WORK INSTRUCTIONS =
Among the entries below, find the line with "Double V Neck" and the line with "為讓讀者貼近金庸、親切互動,嚴格限量入場". Return exactly those lines and every line between them, but no pictures.

DATA FOR THIS TASK =
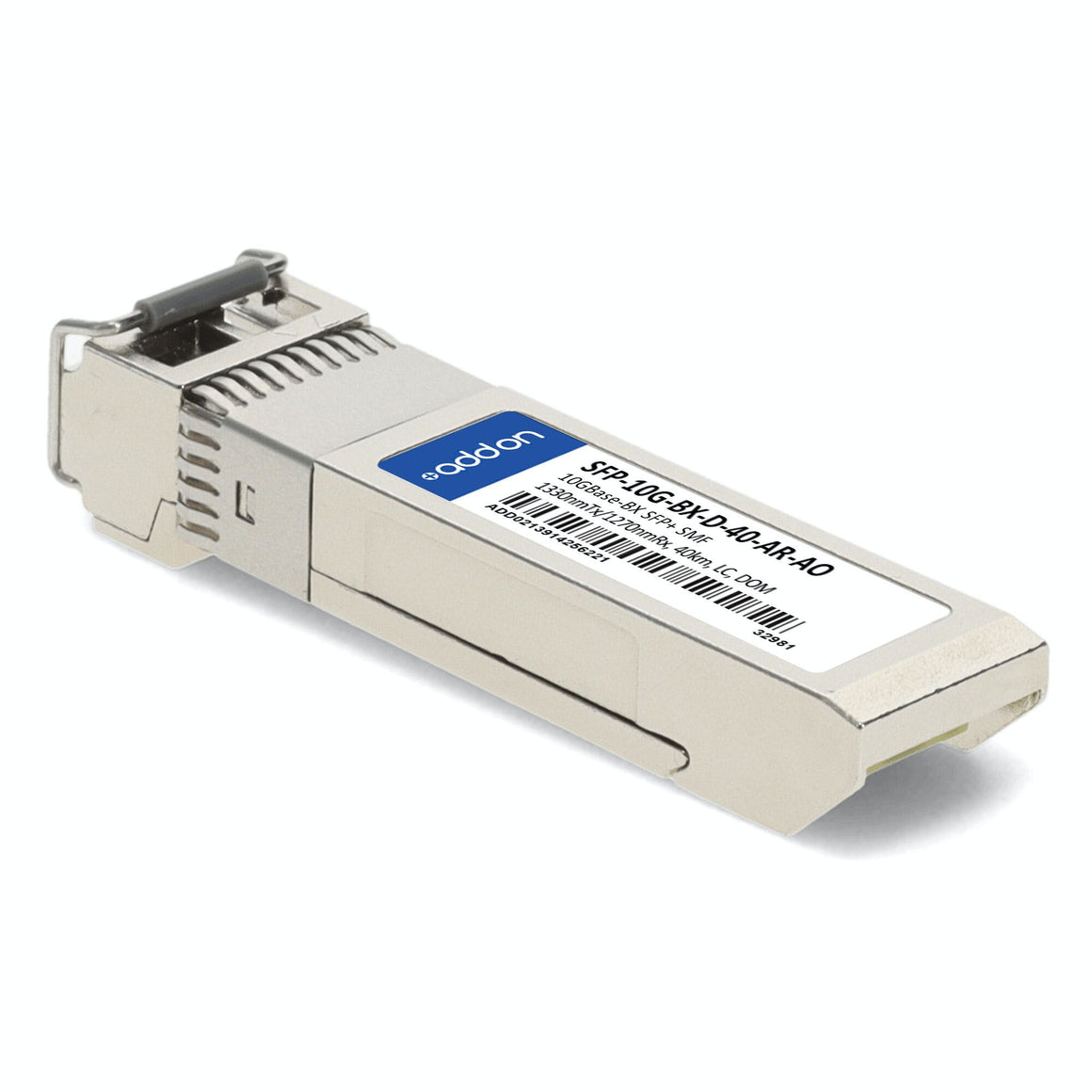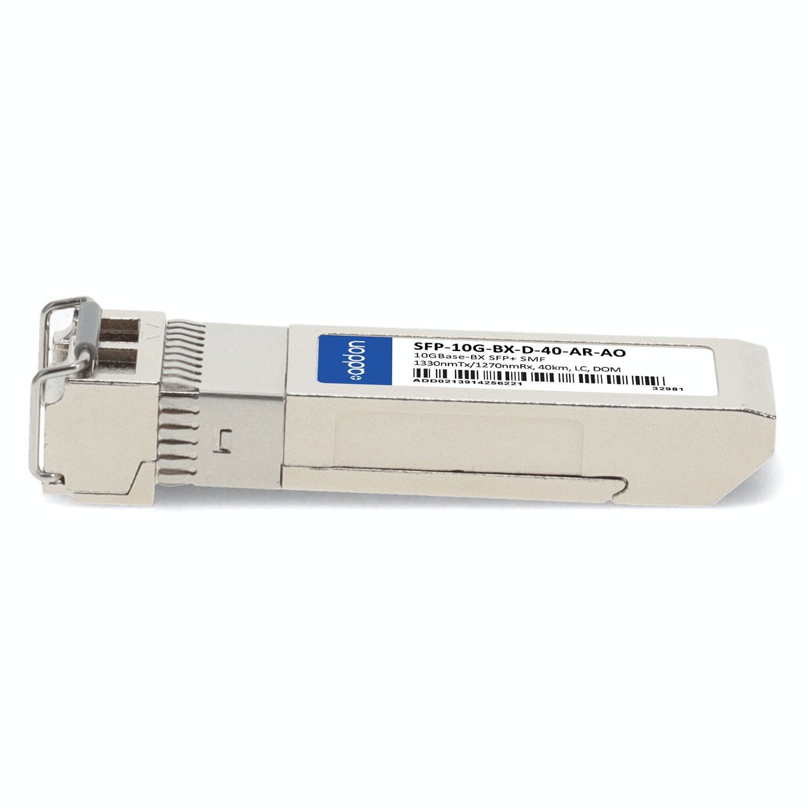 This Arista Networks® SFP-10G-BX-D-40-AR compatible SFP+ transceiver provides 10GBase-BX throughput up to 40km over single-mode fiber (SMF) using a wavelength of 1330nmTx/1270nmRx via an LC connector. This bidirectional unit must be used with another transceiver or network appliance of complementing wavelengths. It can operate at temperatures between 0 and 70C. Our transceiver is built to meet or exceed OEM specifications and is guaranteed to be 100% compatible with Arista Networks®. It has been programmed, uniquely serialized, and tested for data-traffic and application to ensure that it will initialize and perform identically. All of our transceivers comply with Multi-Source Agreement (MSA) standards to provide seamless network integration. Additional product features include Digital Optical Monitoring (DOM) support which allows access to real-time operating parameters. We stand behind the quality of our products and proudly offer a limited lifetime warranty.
...
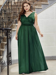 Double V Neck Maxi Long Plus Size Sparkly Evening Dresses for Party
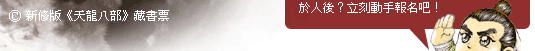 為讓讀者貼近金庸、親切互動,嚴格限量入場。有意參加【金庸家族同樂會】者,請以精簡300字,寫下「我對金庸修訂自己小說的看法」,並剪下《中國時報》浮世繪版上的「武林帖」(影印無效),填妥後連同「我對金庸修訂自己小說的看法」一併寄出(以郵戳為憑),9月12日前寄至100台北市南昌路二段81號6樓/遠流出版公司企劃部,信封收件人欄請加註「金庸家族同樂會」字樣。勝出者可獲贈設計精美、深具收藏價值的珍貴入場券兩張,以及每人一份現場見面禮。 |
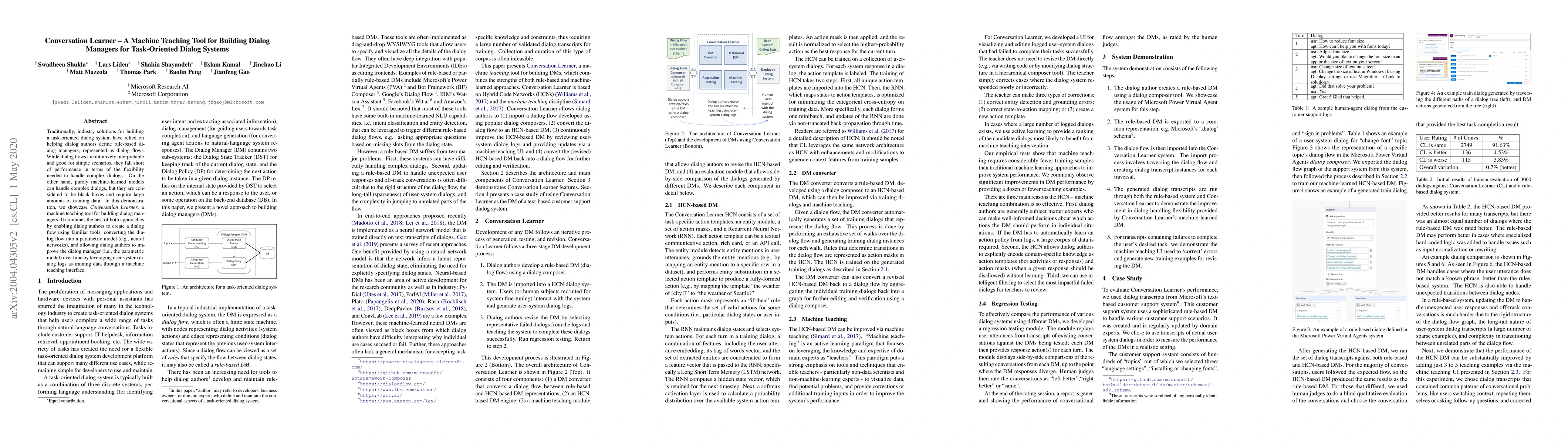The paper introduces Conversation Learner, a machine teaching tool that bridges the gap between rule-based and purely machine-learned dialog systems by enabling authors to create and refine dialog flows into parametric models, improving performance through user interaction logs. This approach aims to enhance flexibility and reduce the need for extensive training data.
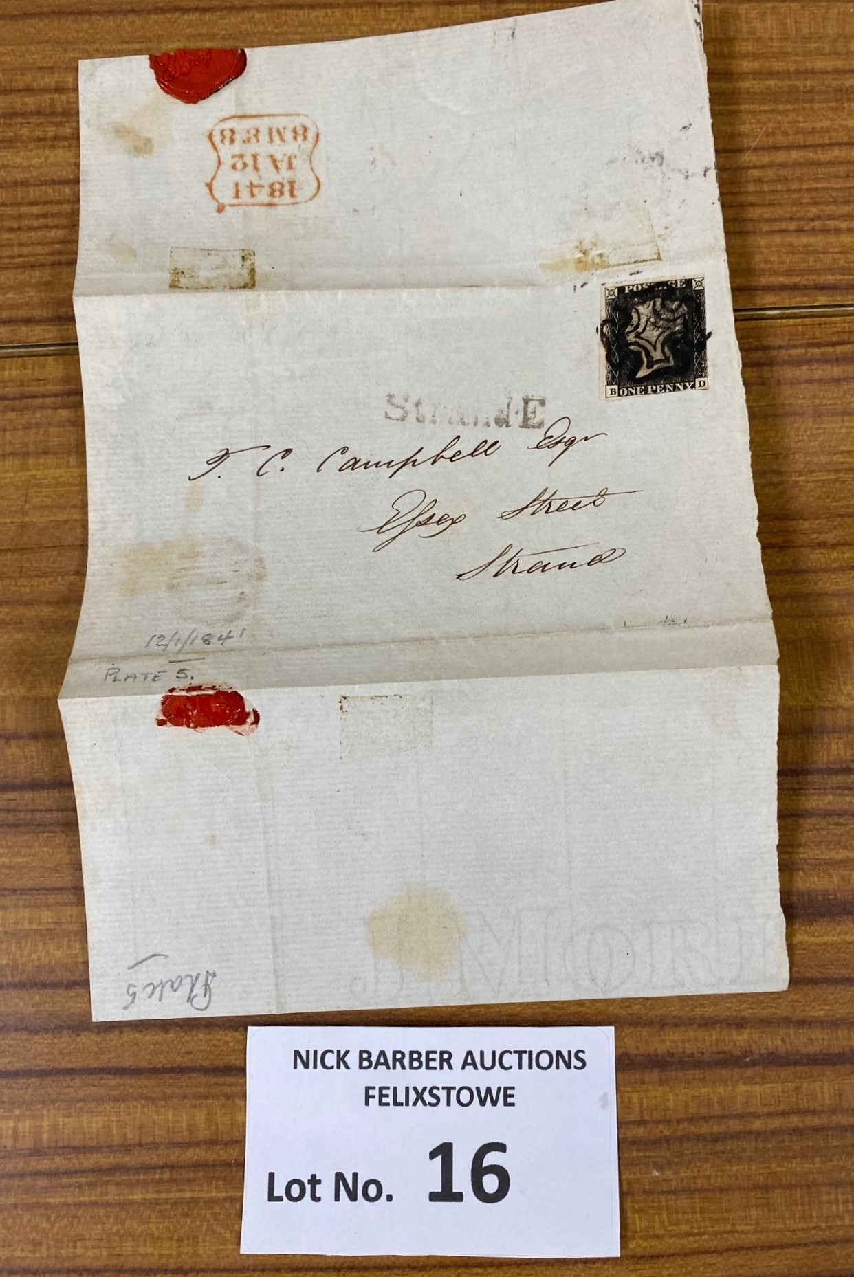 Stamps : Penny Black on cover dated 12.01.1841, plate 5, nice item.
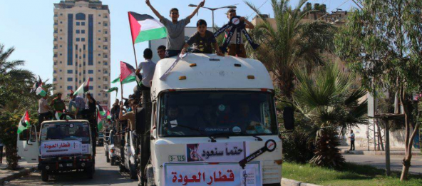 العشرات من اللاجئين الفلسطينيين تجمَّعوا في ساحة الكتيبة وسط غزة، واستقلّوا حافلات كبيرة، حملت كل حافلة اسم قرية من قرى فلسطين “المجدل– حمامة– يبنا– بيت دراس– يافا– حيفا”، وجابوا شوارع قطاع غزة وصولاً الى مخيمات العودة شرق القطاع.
...
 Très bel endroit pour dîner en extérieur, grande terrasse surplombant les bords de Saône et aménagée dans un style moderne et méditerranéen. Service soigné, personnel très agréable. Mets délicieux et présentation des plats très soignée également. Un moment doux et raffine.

FINISHED EXERCISE =
 Double V Neck Maxi Long Plus Size Sparkly Evening Dresses for Party
 為讓讀者貼近金庸、親切互動,嚴格限量入場。有意參加【金庸家族同樂會】者,請以精簡300字,寫下「我對金庸修訂自己小說的看法」,並剪下《中國時報》浮世繪版上的「武林帖」(影印無效),填妥後連同「我對金庸修訂自己小說的看法」一併寄出(以郵戳為憑),9月12日前寄至100台北市南昌路二段81號6樓/遠流出版公司企劃部,信封收件人欄請加註「金庸家族同樂會」字樣。勝出者可獲贈設計精美、深具收藏價值的珍貴入場券兩張,以及每人一份現場見面禮。 |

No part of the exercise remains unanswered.